Work required
Identify all lines in the data containing the string "that". Copy them out.

(Stored data)
=== Section Start ===
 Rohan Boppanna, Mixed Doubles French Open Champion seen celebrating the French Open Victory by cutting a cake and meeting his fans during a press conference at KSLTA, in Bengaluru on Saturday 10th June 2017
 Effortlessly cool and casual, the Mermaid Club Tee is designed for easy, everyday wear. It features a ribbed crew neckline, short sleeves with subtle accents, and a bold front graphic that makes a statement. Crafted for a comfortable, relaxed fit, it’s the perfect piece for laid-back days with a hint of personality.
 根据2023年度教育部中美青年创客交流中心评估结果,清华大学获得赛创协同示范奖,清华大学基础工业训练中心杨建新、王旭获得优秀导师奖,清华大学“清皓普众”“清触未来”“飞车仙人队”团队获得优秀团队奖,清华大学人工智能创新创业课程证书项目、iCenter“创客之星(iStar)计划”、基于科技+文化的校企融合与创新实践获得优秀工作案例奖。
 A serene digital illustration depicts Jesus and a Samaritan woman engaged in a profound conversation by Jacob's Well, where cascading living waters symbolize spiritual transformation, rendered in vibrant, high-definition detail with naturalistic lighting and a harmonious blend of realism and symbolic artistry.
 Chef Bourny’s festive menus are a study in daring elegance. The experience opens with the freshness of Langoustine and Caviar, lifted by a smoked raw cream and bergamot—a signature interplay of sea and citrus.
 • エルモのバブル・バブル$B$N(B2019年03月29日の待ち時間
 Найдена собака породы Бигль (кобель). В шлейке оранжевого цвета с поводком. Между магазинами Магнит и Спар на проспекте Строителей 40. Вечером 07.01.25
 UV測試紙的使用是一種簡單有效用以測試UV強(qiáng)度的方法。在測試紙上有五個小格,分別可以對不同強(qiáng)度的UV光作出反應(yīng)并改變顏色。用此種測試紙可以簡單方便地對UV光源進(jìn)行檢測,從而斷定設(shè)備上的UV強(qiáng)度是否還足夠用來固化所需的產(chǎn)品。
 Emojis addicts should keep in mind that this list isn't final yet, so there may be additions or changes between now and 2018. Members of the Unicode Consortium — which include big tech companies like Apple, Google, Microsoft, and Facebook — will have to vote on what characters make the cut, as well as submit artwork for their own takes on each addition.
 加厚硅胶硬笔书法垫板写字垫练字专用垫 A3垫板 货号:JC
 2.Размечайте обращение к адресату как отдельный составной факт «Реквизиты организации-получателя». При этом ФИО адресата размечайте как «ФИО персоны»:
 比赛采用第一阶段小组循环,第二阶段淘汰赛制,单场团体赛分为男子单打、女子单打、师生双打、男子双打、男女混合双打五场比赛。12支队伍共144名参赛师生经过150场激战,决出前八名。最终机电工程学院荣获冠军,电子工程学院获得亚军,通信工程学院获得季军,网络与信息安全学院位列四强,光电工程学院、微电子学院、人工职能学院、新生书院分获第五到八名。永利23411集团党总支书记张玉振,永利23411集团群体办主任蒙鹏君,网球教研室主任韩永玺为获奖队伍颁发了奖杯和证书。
=== Section End ===
Response to the exercise
 Effortlessly cool and casual, the Mermaid Club Tee is designed for easy, everyday wear. It features a ribbed crew neckline, short sleeves with subtle accents, and a bold front graphic that makes a statement. Crafted for a comfortable, relaxed fit, it’s the perfect piece for laid-back days with a hint of personality.
 Emojis addicts should keep in mind that this list isn't final yet, so there may be additions or changes between now and 2018. Members of the Unicode Consortium — which include big tech companies like Apple, Google, Microsoft, and Facebook — will have to vote on what characters make the cut, as well as submit artwork for their own takes on each addition.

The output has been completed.